Primary care epidemiology- observational, RCTs and systematic reviews

I confirm that I have read this submission and believe that I have an appropriate level of expertise to confirm that it is of an acceptable scientific standard.

Associated Data

    This section collects any data citations, data availability statements, or supplementary materials included in this article.
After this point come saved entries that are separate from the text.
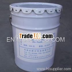 | Zinc anticorrosive paint production: Theanticorrosion of steel components is the main application ofmetallic zinc, and ways of coating include hot dip, electroplating,thermal spraying, zinc-rich coatings and powder plating, of whichhot dip is the main way. Zinc-rich coatings are mainly applied forlarge components for which hot dip and electroplating are notsuitable, such as large outdoor steel structures (oceaneering,bridges, pipelines, highway guardrails, etc.), ships andcontainers. Zinc-rich coatings can be divided into organiczinc-rich coatings and inorganic zinc-rich coatings based on thedifference of film forming material. Organic zinc-rich coatingsusually take epoxy ester, epoxy resin, chlorinated rubber, vinylresin and polyurethane resin as the film forming material and thecontent of zinc powder in dry film reaches up to 85% -92%.Inorganic zinc-rich paints take water lithium silicate, waterpotassium silicate, ethyl orthosilicate or cement paste asmaterial, and the content of zinc powder in dry film reaches 92%.The mean particle size of zinc powders for coatings purposeconsists of two specifications: 2-3μm and 5-7μm. The powders aredistributed in narrow fraction and they have gooddispersibility. | ||||||
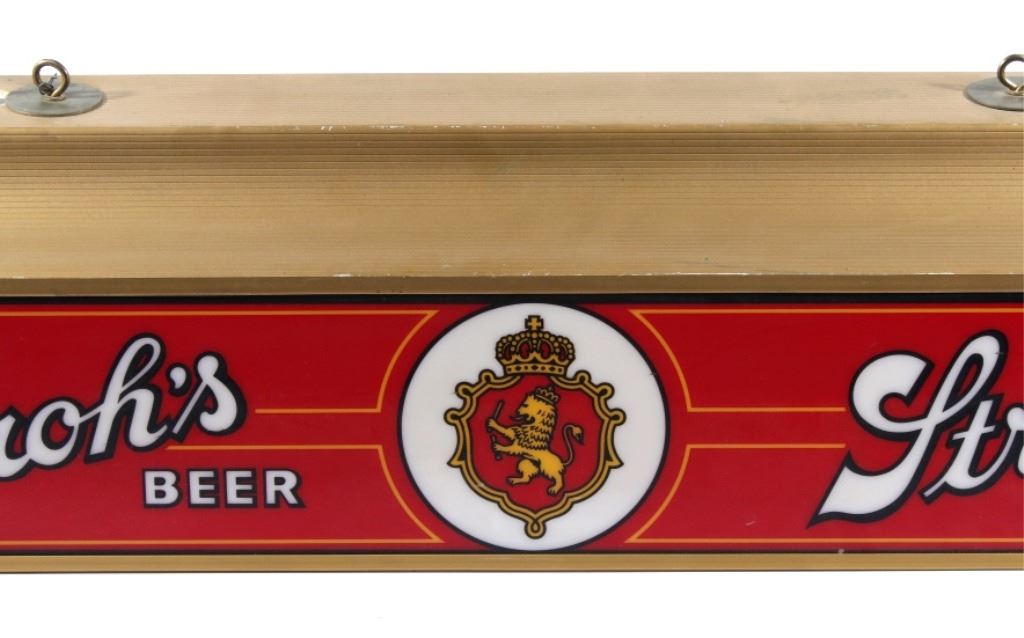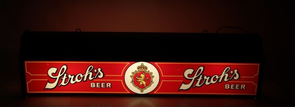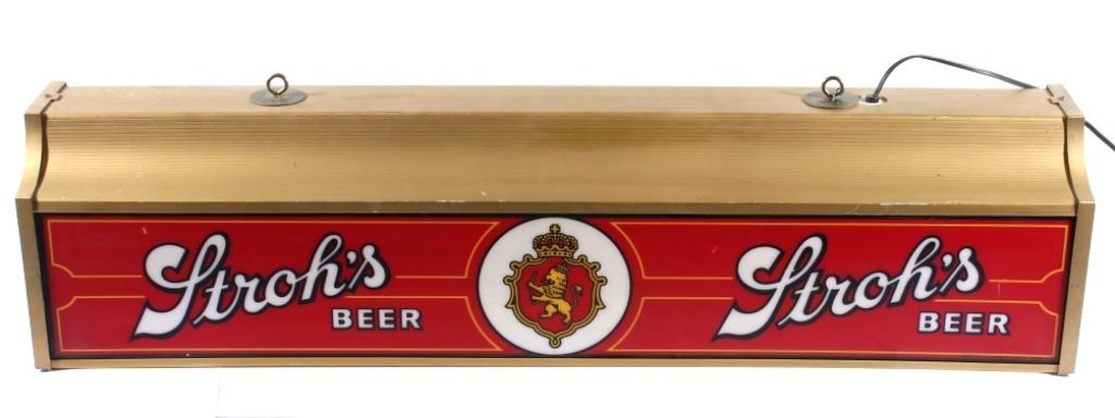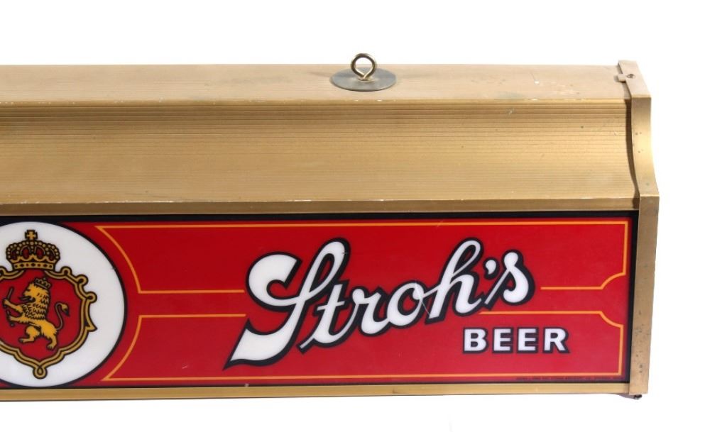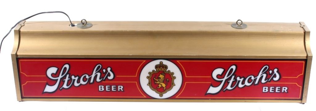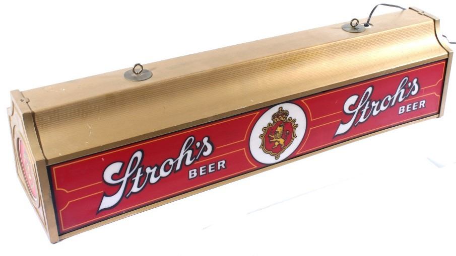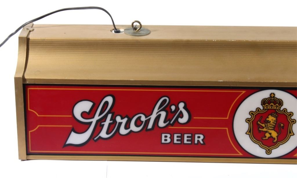 Included in this lot we have a Stroh's Beer billiards table advertising light originating from the 1970's-80's. The pool light shows plastic construction with a metal light housing. The exterior of the light shows a gold colored top, and ends with the red, gold and white Stroh's Lion logo. The sides show red and gold colorations with a white circle at the middle. The sides are marked "Stroh's Beer" twice with the crowned lion logo in the white circle. The light is designed to hang above a pool table to illuminate the playing surface. It shows three interior lights and is in working order. The piece shows good condition overall with some wear due to age and it is missing its hanging chains. The pool light measures 37 5/8" long by 8 1/2" wide and 9" tall.
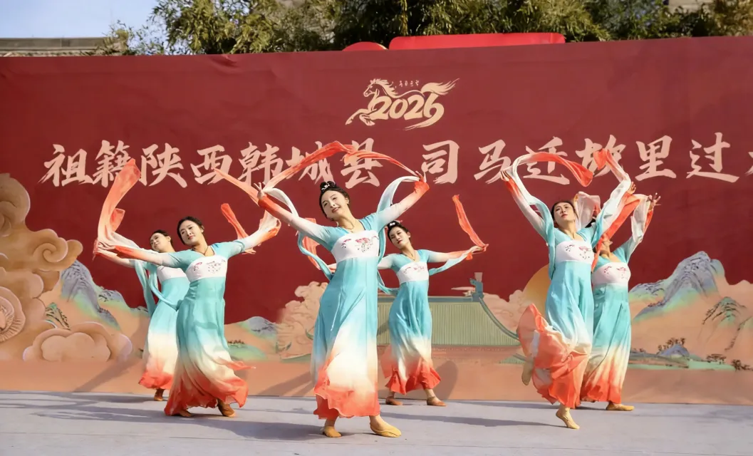 国家级非遗东少梁韩城行鼓震撼开场,鼓点铿锵、气势磅礴,擂响新春奋进的节奏;话剧《立木为信》以《史记》典故为蓝本,实景演绎诚信佳话,让历史文化“活”起来;柔美灵动的古典舞蹈与大气雅致的国风舞蹈轮番上演,于舞步之间尽显东方美学。
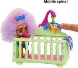 Details: With Cave Club dolls and playsets, kids can travel back in time and discover epic storytelling adventures with their favorite prehistoric characters -like Fernessa, the first babysitter! Fernessa doll has everything she needs to rock her babysitting gig, including a crib with an adorable dinosaur-themed mobile that spins to spark sweet dreams. When nap time is over, clip Cave Tot Furrah doll onto the rocking dino-horse and give her a push to rock and ride. Smaller accessories let kids play out everything from snack time to story time, and two dolls in neon-bright looks inspire storytelling. Adventurers ages 4 years old and up can collect other Cave Club dolls and toys to make history with the whole crew! Each sold separately, subject to availability. Colors and decorations may vary.
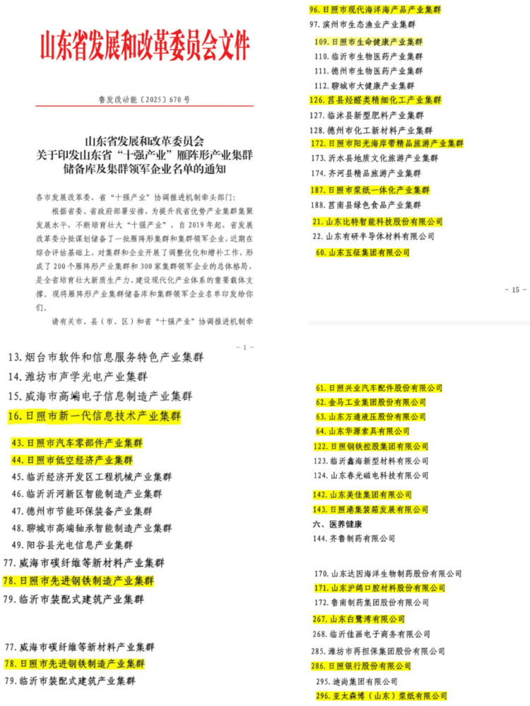 近日,山东省发改委公布省“十强产业”雁阵型产业集群、第二批支柱型雁阵集群和集群领军企业名单。其中,日照低空经济产业集群、日照浆纸一体化产业集群新入选2025年度省“十强产业”雁阵形产业集群,和临沂市联合申报的日临先进钢铁产业集群新入选省第二批支柱型雁阵集群,日照港集装箱发展有限公司新入选省“十强产业”集群领军企业。截至目前,日照市共有省“十强产业”雁阵形产业集群9家、支柱型雁阵集群3家、集群领军企业13家。
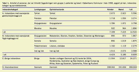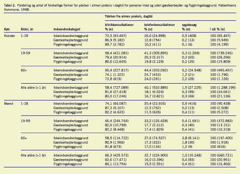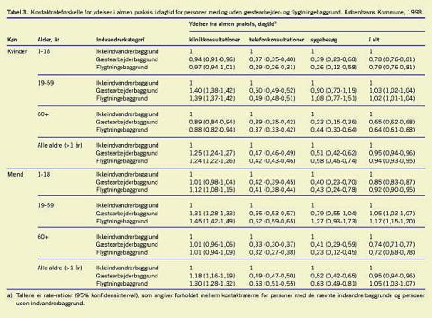 Materiale og metoder: Der blev foretaget en Sygesikringsregisterbaseret undersøgelse af personer bosat i Københavns Kommune i hele 1998, fordelt på statsborgerskab, køn, fødested- og år. Materialet omfattede 2.041.454 ydelser fordelt på 423.201 personer, heraf 5,7% med gæstearbejder- og eller flygtningebaggrund. Analyserne blev foretaget med Poisson-regressionsmodeller.
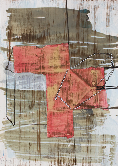 Umgänge rot, 2013, Acryl, Tusche, Papier auf Papier, 42 x 30 cm
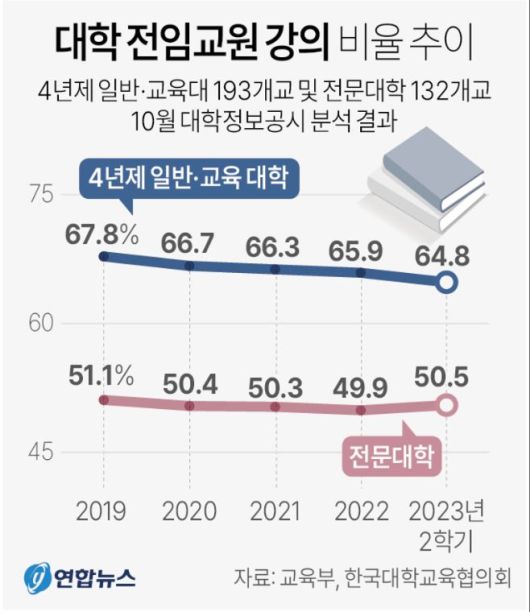 31일 교육부와 한국대학교육협의회가 발표한 2023년 10월 대학정보공시 분석 결과를 보면, 올해 2학기 4년제 일반·교육대학 193개교에서 전임교원의 강의 담당 비율은 64.8%로, 전년 대비 1.1%포인트 하락했다. 2019년(67.8%) 이후 4년 연속 떨어졌다. 대학의 교원은 정교수·부교수·조교수 등 교수를 전업으로 하는 전임교원과 강사·겸임교원·초빙교원 등 비전임교원으로 구성된다.

    Data Availability Statement

    Access to the underlying identifiable and potentially re-identifiable pseudonymised electronic health record data is tightly governed by various legislative and regulatory frameworks, and restricted by best practice. The data in OpenSAFELY is drawn from General Practice data across England where TPP is the Data Processor. TPP developers (CB, JC, JP, FH, and SH) initiate an automated process to create pseudonymised records in the core OpenSAFELY database, which are copies of key structured data tables in the identifiable records. These are linked onto key external data resources that have also been pseudonymised via SHA-512 one-way hashing of NHS numbers using a shared salt. DataLab developers and PIs (BG, LS, CEM, SB, AJW, KW, WJH, HJC, DE, PI, SD, GH, BBC, RMS, ID, KB, SE, EJW and CTR) holding contracts with NHS England have access to the OpenSAFELY pseudonymised data tables as needed to develop the OpenSAFELY tools. These tools in turn enable researchers with OpenSAFELY Data Access Agreements to write and execute code for data management and data analysis without direct access to the underlying raw pseudonymised patient data, and to review the outputs of this code. All code for the full data management pipeline—from raw data to completed results for this analysis—and for the OpenSAFELY platform as a whole is available for review at github.com/OpenSAFELY.

    The data management and analysis code for this paper was led by CDA and contributed to by WJH and AJW.